В двадцать первом веке И'ко бы быстро прилепили диагноз "отставание в развитии". А в четвертом – выдали просто направление на смертный приговор.

По крайней мере, в яму она легла сама. Неуверенно улыбалась, косилась на мать, но легла. А затем священник начал выкладывать ей на грудь камни. Сначала мелкие, затем, напевая немудреный, ритмичный мотив наподобие "хой, пой, обобой" – почти валуны. А взрослое население деревни хлопало в ладоши, подчеркивая ритм.[2] Особо большие каменюки священник клал вместе с Йоритой.

Я рад, что её стонов, быстро перешедших в хрипы, не было слышно за пением и хлопками. Почти. Но когда началась агония, и камни, наваленные над телом жертвы, зашевелились, это было жутко. Священник засуетился, подкладывая груз на самые слабые места. Шевеление затихло примерно за минуту.

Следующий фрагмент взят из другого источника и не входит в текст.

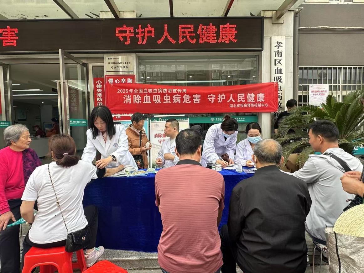 4月10日,省疾控中心血防所聯合孝感市疾控中心、孝南區血防所,組織專業人員一起走進社區、學校、企業,開展血防健康教育宣傳活動,凝聚全社會力量,共同筑牢健康防線。
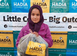 In photo: Maryam, a recipient of HADIA Foundation’s emergency food aid program
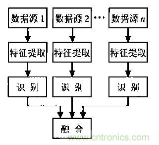 2.特征层融合:特征层融合属于中间层次,先从每种传感器提供的观测数据中提取的有代表性的特征,这些特征融合成单一的特征向量,然后运用模式识别的方法进行处理。这种方法的计算量及对通信带宽的要求相对降低,但由于部分数据的舍弃使其准确性有所下降。
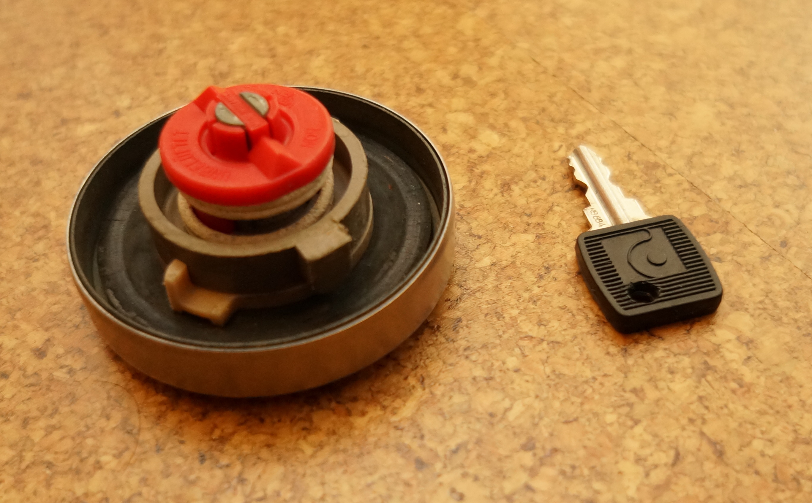 1x Tankdeckel unbelüftet mit einem Schlüssel, die Dichtung ist leich spröde, gebrauchsspuren sind vorhanden - VHB 8€ + ggf. Versand
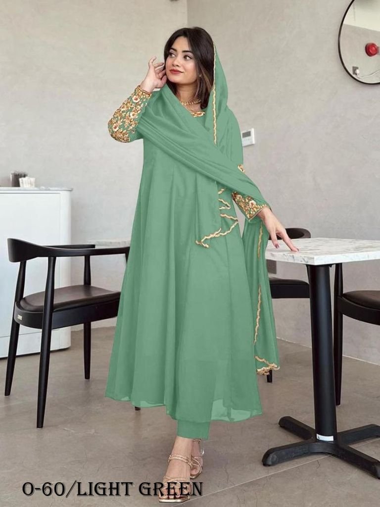 launching new party wear look heavy foux georgette anarkali gown,dupatta & bottom set
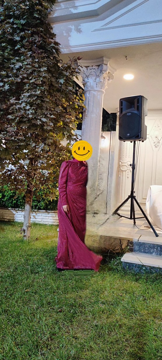 Bordo renkli, yüksek yakalı ve uzun kollu bu uzun elbise drapeli tasarımı ve parlak batik deseniyle dikkat çekiyor. 168 boy 70 kilo ile giydim
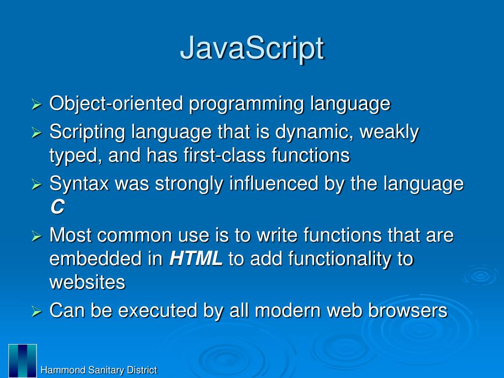 JavaScript • Object-oriented programming language • Scripting language that is dynamic, weakly typed, and has first-class functions • Syntax was strongly influenced by the language C • Most common use is to write functions that are embedded in HTML to add functionality to websites • Can be executed by all modern web browsers Hammond Sanitary District
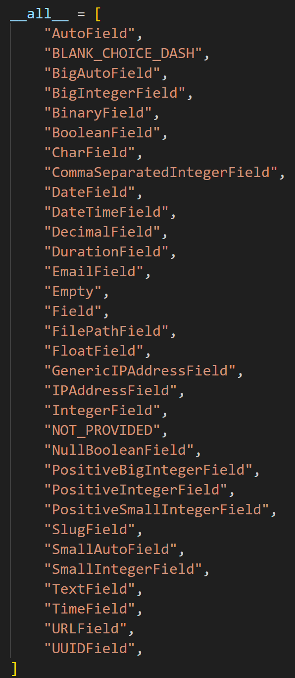 : 다양한 필드가 있으며 django의 models에서 제공하는 기본 Field를 사용한다
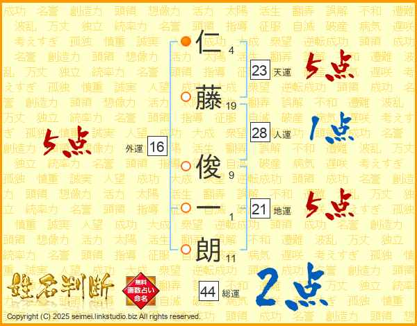 仁(4画)藤(19画) 俊(9画)一(1画)朗(11画)
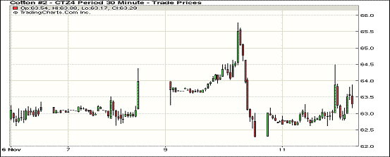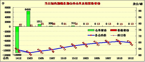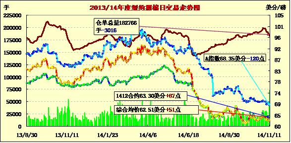 11月11日,紐約期棉合約觸底反彈,期棉全線(xiàn)上漲;主力1412月合約結(jié)算價(jià)63.30美分/磅,漲87點(diǎn);遠(yuǎn)期1503月合約收于61.53美分/磅,漲21點(diǎn)。當(dāng)日期棉合約低開(kāi)高走,主力合約最高價(jià)64.50美分/磅,盤(pán)尾回落。12/3月合約價(jià)差進(jìn)一步擴(kuò)大至177點(diǎn)。外部市場(chǎng)大豆玉米收漲。11月供需報(bào)告預(yù)測(cè),2014/15年度新花較上月增加,年末庫(kù)存增加,棉價(jià)依然處于長(zhǎng)期跌勢(shì)。
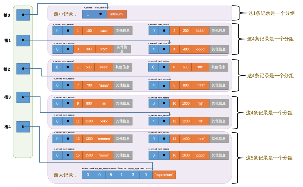 比方说现在的page_demo表中正常的记录共有6条,InnoDB会把它们分成两组,第一组中只有一个最小记录,第二组中是剩余的5条记录
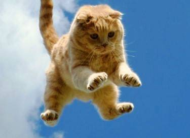 - Кошки, как опытные парашютисты, умеют контролировать скорость своего падения. В начале полета они инстинктивно вытягивают конечности, увеличивая скорость. Затем расслабляются и расправляют лапы в стороны, что увеличивает площадь тела и сопротивление воздуха, снижая тем самым скорость и силу удара.
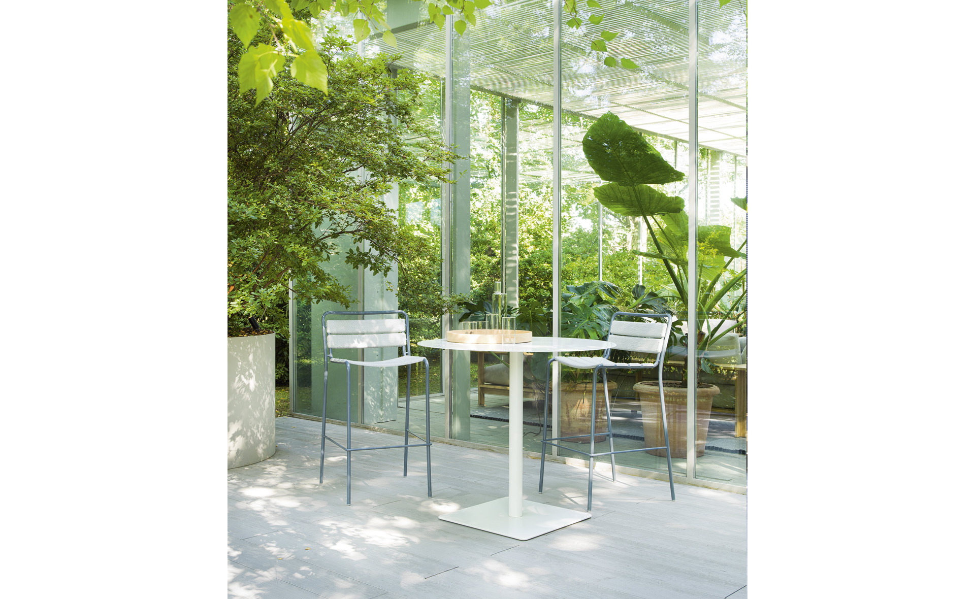 The “garden terrace” on the first floor plays with the green hues: a shady place (Resort collection) and dedicated to relax (Harbour sofa and Ami armchairs). A few steps, and a blue oasis appears – a city-graceful style – with cosy armchairs (Nido collection), and glazed tables (Sciara).
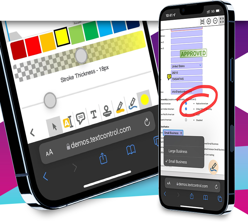 Businesses use the benefits that mobile devices deliver including improved productivity, efficiency and better work-life balance. Integrate document viewing, annotation and form filling features into your web applications.
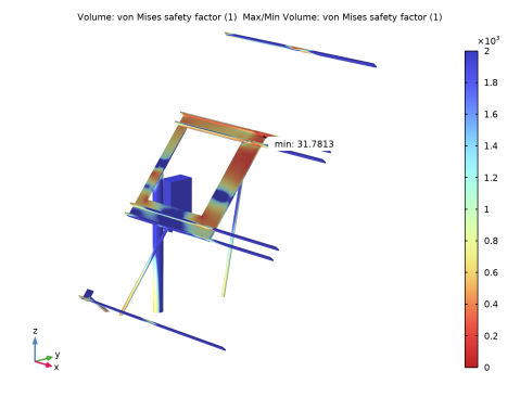 In the Settings window for Max/Min Volume, click Replace Expression in the upper-right corner of the Expression section. From the menu, choose Component 1 (comp1) > Solid Mechanics > Safety > von Mises > solid.lemm1.sf1.s_f - von Mises safety factor - 1.
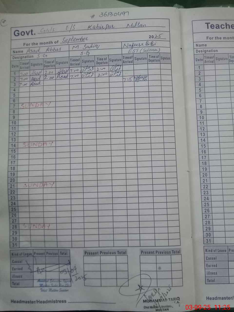 | 36**** | MU**** SA**** | SG | Regular | 0 | 0 | 0 | 0 | 0 | 0 | 0 | 0 | 0 | Absent (Un-Authorized) |
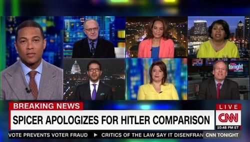On Thursday's CNN Tonight, host Don Lemon picked up on Democrats hyping a photograph of President Donald Trump meeting with the House Freedom Caucus because all members of the conservative group are white men. Lemon recalled a friend of his who cracked that "the only thing brown in that picture is the table," while CNN analysts Nia-Malika Henderson and David Gergen also weighed in to fret over…

Спрашивается, а что я делал, пока девушку приносили в жертву? То же, что и все. Хлопал в ладоши. И почему-то на душе было ещё тяжелее, чем в тот условно день, когда я убивал шестерых фанатиков-хронокорректоров.

В завершение ритуала, шаман-священник назначил И'ко (а заодно и деревне) новое имя. Ками-Хасегава. Хм… а по звучанию диалект Тикси вроде бы ближе к тем немногим японским словам, что я знаю. Неужели это значит, что местные войны закончатся доминированием Тикси, кем бы они не были?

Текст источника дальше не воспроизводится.